と手を合わせると、優一さんが自分のお皿からカニクリームコロッケを一つ、取り分け用の小さなお皿に入れて渡してくれた。

「えっ?」

何? どういうこと?

「よかったら食べてくれないか? ちょっと多そうなんだ。残すのは勿体無いしね」

「い、良いんですか?」

「ああ。大学生ならこれくらい食べられるだろう?」

「はい。ありがとうございます。いただきます!」

渡されたカニクリームコロッケはキラキラと輝いて見える。
ああ……夢にまでみたミックスフライのカニクリームコロッケ……。
実はこれが一番食べてみたかったんだ。

早速箸を入れると、サクッと良い音がする。

熱々のクリームにはふんだんに本物のカニの身が入っていてとてつもなく美味しいっ!

「んふっ……おいひぃ……っ」

「ふふっ」

僕が食べていると、優一さんがニコニコと嬉しそうに笑顔を浮かべる。

「あの……?」

「ああ、ごめん。いや、美味しそうに食べるなぁと思って。こんなに嬉しそうに食べてくれると私も嬉しいよ」

なんだかすごく恥ずかしいけれど、美味しいものは美味しいし。

「あの、よかったらこのオムライス、どうぞ」

「良いのか?」

「はい。僕、まだ口つけてないので、好きなだけ食べてください」

「好きなだけ……ふふっ。ありがとう。じゃあ、『あ~ん』」

「えっ?」

目の前で大きな口を開ける優一さんをみて、一瞬どういう意味なのかわからなかったけれど、もしかしてこれは僕が食べさせるってこと?

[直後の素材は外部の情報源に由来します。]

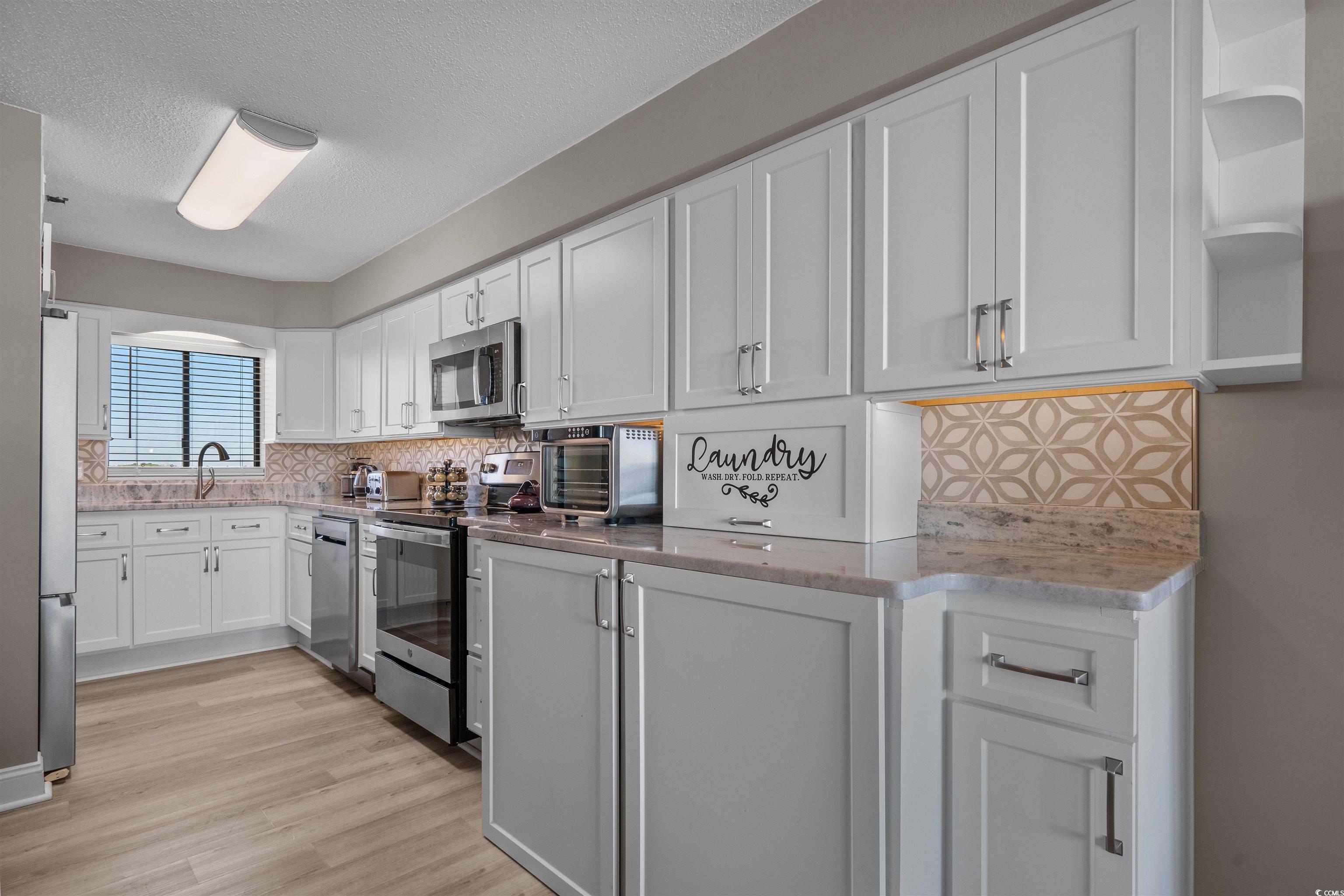 Welcome to Sea Winds #707, an oceanfront villa located in the highly desirable Windy Hill section of North Myrtle Beach! Perfect for full-time coastal living, a home away from home, or even an income-producing vacation rental opportunity. Sea Winds Resort is a favorite among both locals and repeat out of town guests. This stunning 2-bedroom, 2-bath villa has been completely remodeled and upgraded by the current homeowner, featuring beautiful new kitchen countertops, flooring, custom cabinets with pull-outs, an under-cabinet washer/dryer, stainless steel appliances, lighting, updated bathrooms, and two heavy duty Oceanfront sliding glass doors — every detail thoughtfully designed for modern comfort and style. Enjoy breathtaking ocean views from your private balcony and experience the stress-free beach lifestyle you’ve always dreamed of. The Sea Winds Resort offers wonderful year-round amenities, including an indoor pool that owners love to enjoy in every season. Just a short stroll away, you’ll find Barefoot Landing, with its world-class dining, shopping, House of Blues concerts, Alabama Theatre shows, and marina-front entertainment. This is truly a must-see property — beautifully updated, ideally located, and ready for its next owner to start living the North Myrtle Beach dream! Floor plan included with this listing was completed by third party and All measurements and data are deemed reliable but are not guaranteed, purchaser and or purchasers professional to verify.For more information about this listing please contact the Listing Broker OR your real estate professional.

兄さんとはよくやるし、そんな大したことではないけれど……良いのかな?

「ほら、早く」

「あっ、はいっ」

口を開けたままの優一さんに急かされるようにスプーンで一口掬って優一さんの口に持っていくと、彼は嬉しそうにそれをパクリと食べた。

「ああ、美味しいな」

「――っ!」

なんだろう……。
子どもみたいな笑顔を見せる優一さんがなんだかすごく気になる……。